DATASET EXCERPT =>
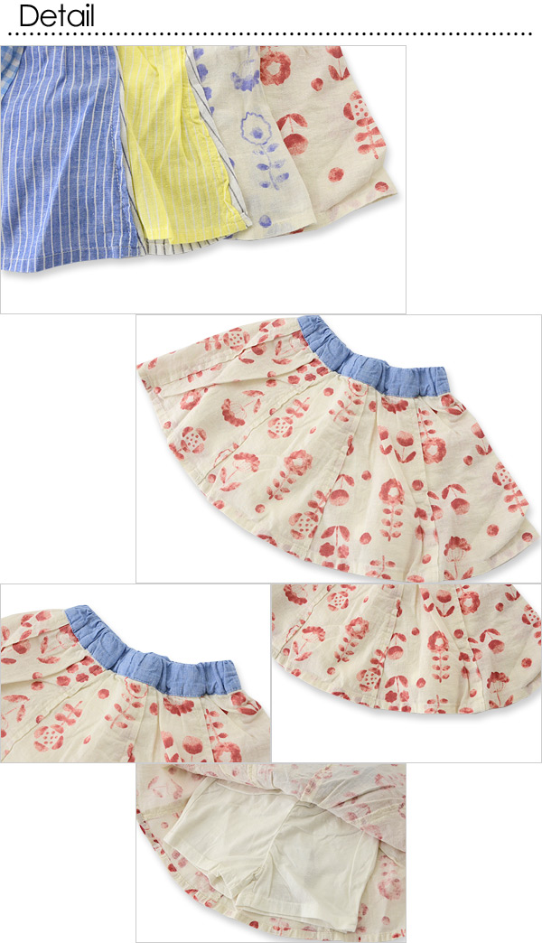 | 素材 | スカート:柄部分:綿 70%・麻 30% 無地部分:麻 55%・綿 45% パンツ:綿 100% |
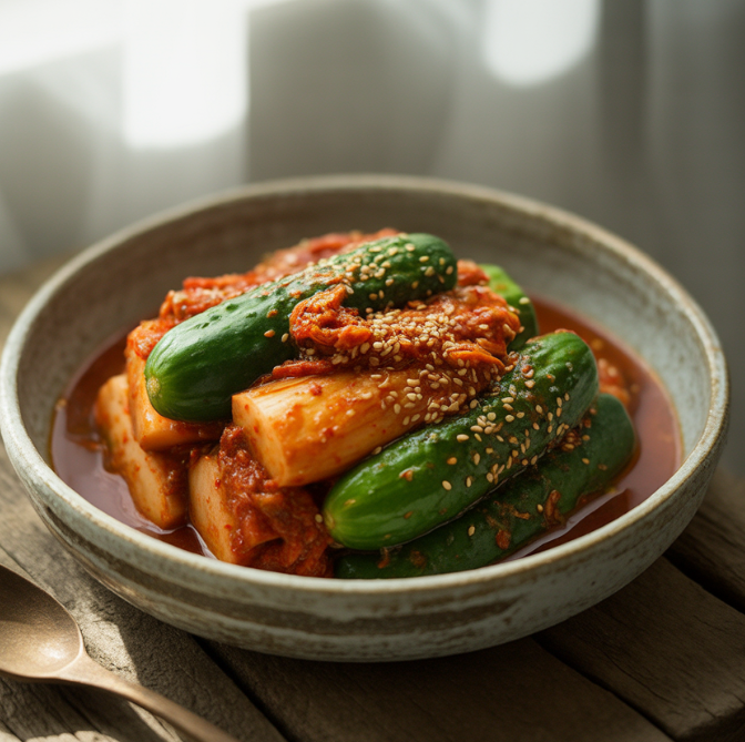 오이소박이는 겉으로 보면 단순한 김치 같지만, 오이를 절이고 속을 채워 숙성시키는 과정 덕분에 일반 김치와는 다른 독특한 풍미를 갖습니다.
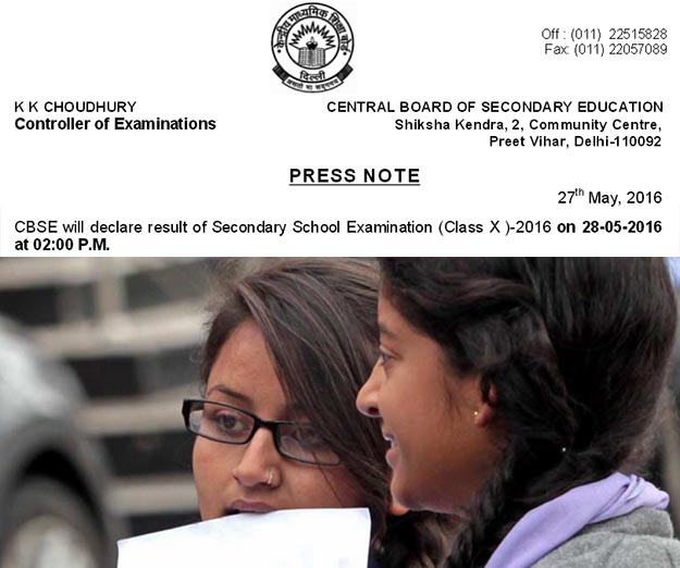 New Delhi: The Central Board of Secondary Education (CBSE) Class X (Class 10) results 2016, which will be declared today i.e. Saturday May 28, 2016 by 02:00 pm, will be accessible to students on three wesbites, the Central board said in a statement.

WORK TO BE COMPLETED => Copy out the material above in full and exactly; its pictures are not to appear.

WORKED SOLUTION =>
 | 素材 | スカート:柄部分:綿 70%・麻 30% 無地部分:麻 55%・綿 45% パンツ:綿 100% |
 오이소박이는 겉으로 보면 단순한 김치 같지만, 오이를 절이고 속을 채워 숙성시키는 과정 덕분에 일반 김치와는 다른 독특한 풍미를 갖습니다.
 New Delhi: The Central Board of Secondary Education (CBSE) Class X (Class 10) results 2016, which will be declared today i.e. Saturday May 28, 2016 by 02:00 pm, will be accessible to students on three wesbites, the Central board said in a statement.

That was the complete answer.